Quaternary ammonium salts are readily utilised within the chemical industry as, e.g., phase-transfer catalysts and anti-microbials, and their annual production capacity exceeds 1 million tonnes. These surfactants are conventionally produced in batch Menshutkin reactions from tertiary amines and an alkyl halide. With an incentive to move towards a more efficient continuous process, a better understanding of its kinetics is paramount.
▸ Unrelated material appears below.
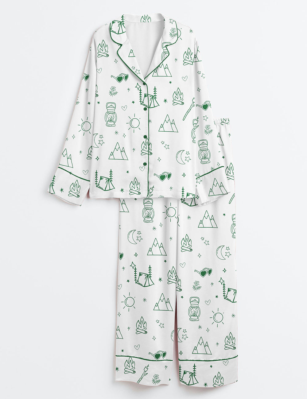 Women’s Camp Bach Bachelorette Party Outdoors Wedding Print Long Sleeve Satin Pajama Set
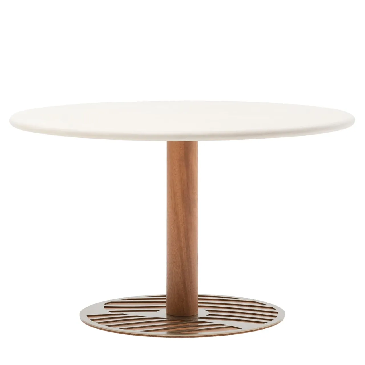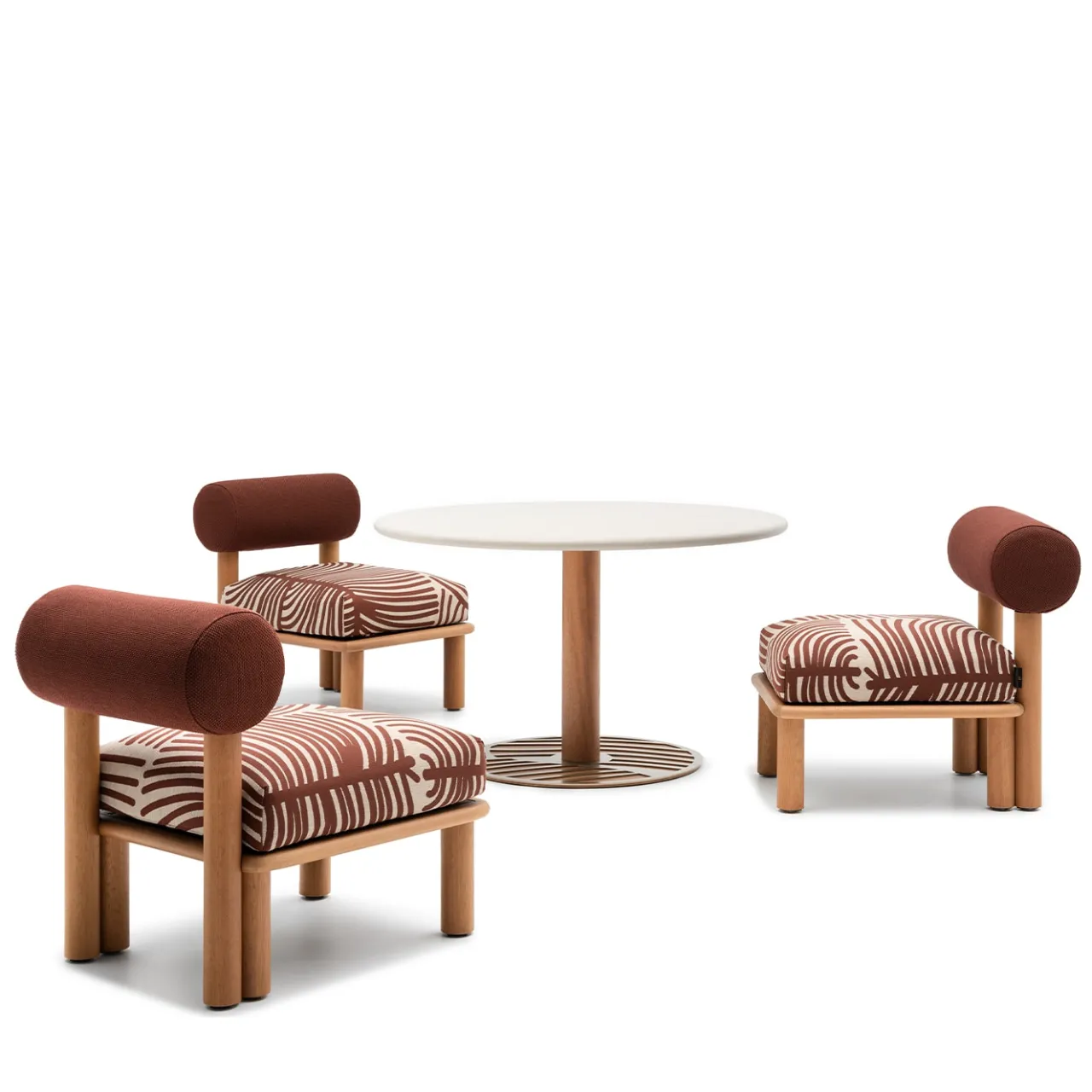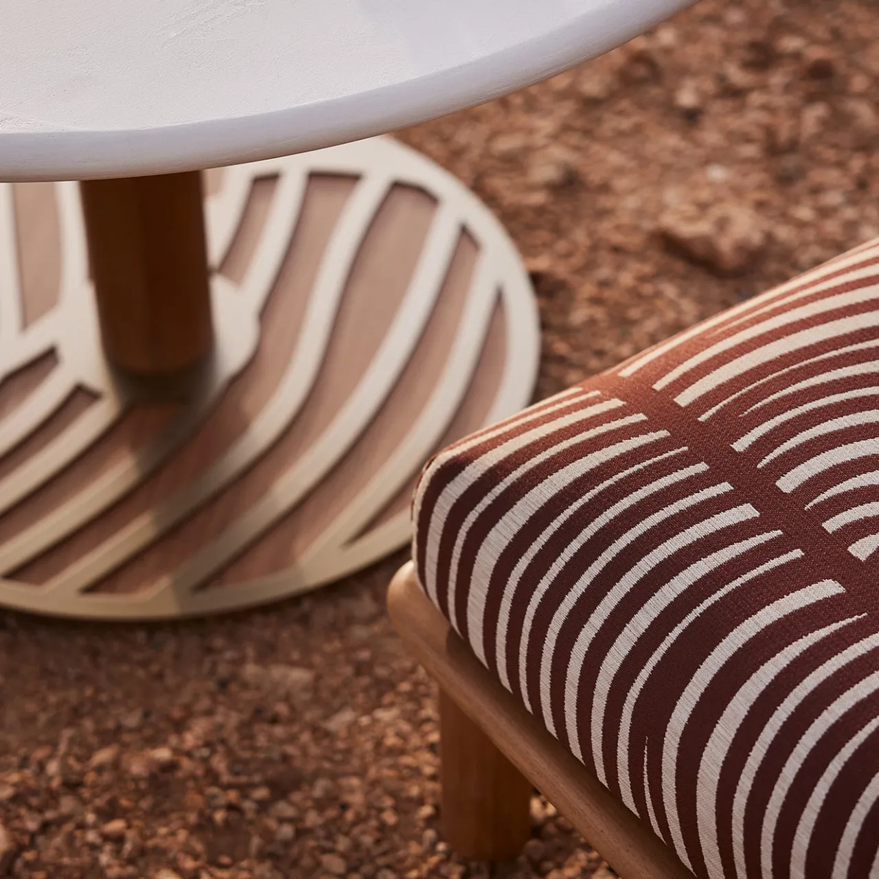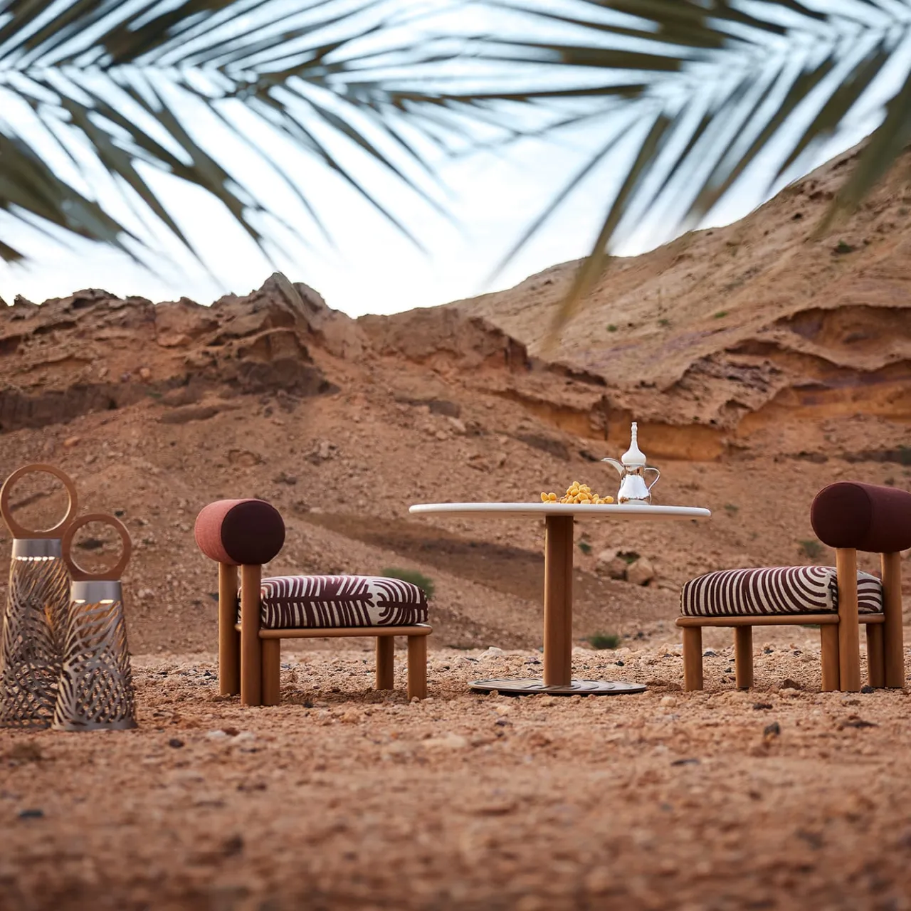 Ghaf, ispirato all’albero del deserto che simboleggia la tolleranza, è un tavolo lounge per esterni di Lorenza Bozzoli. Il design organico della sua base imita le radici dell’albero, emanando forza ed eleganza naturale. Il piano è in compensato marino di okumè rivestito con polimeri a base d’acqua, tra cui olio di girasole e inerti naturali, applicati manualmente da abili artigiani. La gamba del tavolo, in legno di iroko, è trattata con olio all’acqua per la protezione dai raggi UVA e l’uniformità del colore. La base presenta un motivo decorativo tagliato al laser.

This paper explores a novel method to determine kinetic parameters, by introducing a linear flow ramp, combined with in-line Proton Nuclear Magnetic Resonance (¹H NMR) analytics.

Batch reactions between N,N-dimethyldecylamine (DMDA) and benzyl chloride (BnCl) have been performed in various solvents to examine solvent effects, and to validate the ramp-flow method. ¹H NMR spectrometry showed that acetonitrile had the highest reaction rate, while methanol (MeOH) was deemed to have the best overall potential with regards to process intensification and product separation.

Kinetic data was also obtained in a Plug-Flow Reactor (PFR) subjected to ramp-flow, under continuous measurement of the outlet stream composition. Between 20 and 70 °C, DMDA quaternisation rates were determined in MeOH, using both BnCl and methyl iodide reactants. This resulted in the successful elucidation of the respective Arrhenius parameters.

Furthermore, the data from the ramp-flow method has been compared with the data obtained in batch, and in the PFR under conventional steady-state conditions. In general, all three methods were in good agreement, and it was concluded that the proposed method is valid. This method can thus provide a more efficient way to determine highly accurate kinetic parameters.